Background: In microbiome data analysis, unsupervised clustering is often used to identify naturally occurring clusters, which can then be assessed for associations with characteristics of interest. In this work, we systematically compared beta diversity and clustering methods commonly used in microbiome analyses. We applied these to four published datasets where highly distinct microbiome profiles could be seen between sample groups.

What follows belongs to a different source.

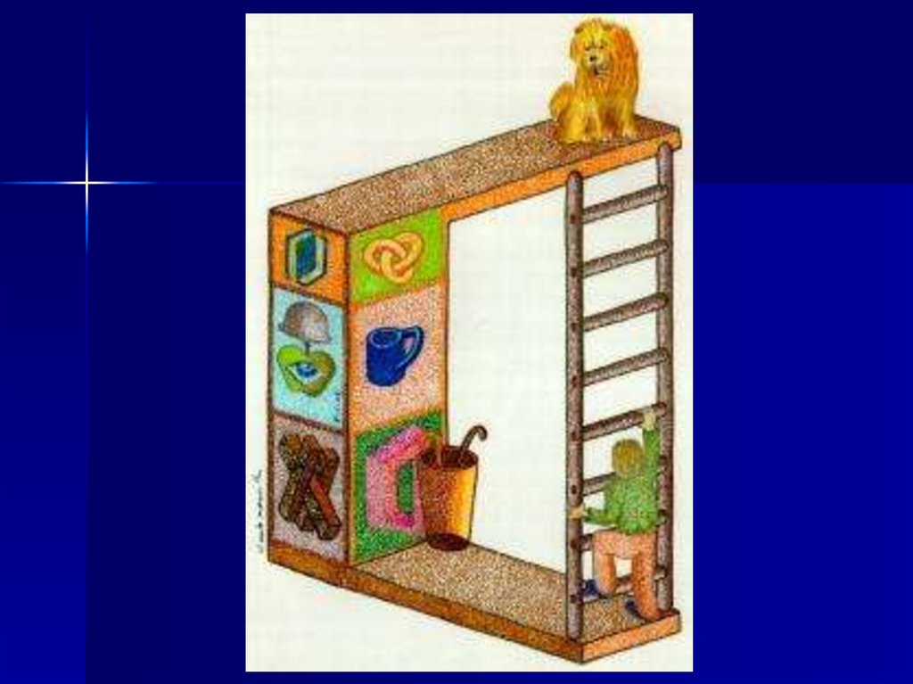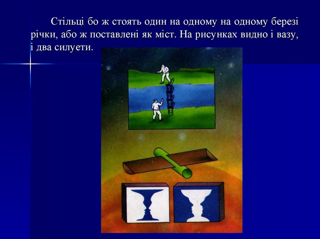 Стільці бо ж стоять один на одному на одному березірічки, або ж поставлені як міст. На рисунках видно і вазу,

Results: Although no single method outperformed the others consistently, we did identify key scenarios where certain methods can underperform. Specifically, the Bray Curtis metric resulted in poor clustering in a dataset where high-abundance OTUs were relatively rare. In contrast, the unweighted UniFrac metric clustered poorly when used on a dataset with a high prevalence of low-abundance OTUs. To test our proposition, we systematically modified properties of the poorly performing datasets and found that this approach resulted in improved Bray Curtis and unweighted UniFrac performance. Based on these observations, we rationally combined the Bray Curtis metric and the unweighted UniFrac metrics and found that this new beta diversity metric showed high performance across all datasets. We also evaluated our findings by examining a clinical dataset where clusters are less separated.
Conclusions: Our systematic evaluation of clustering performance in these five datasets demonstrates that there is no existing clustering method that universally performs best across all datasets. We propose a combined metric of Bray Curtis and unweighted UniFrac that capitalizes on the complementary strengths of the two metrics.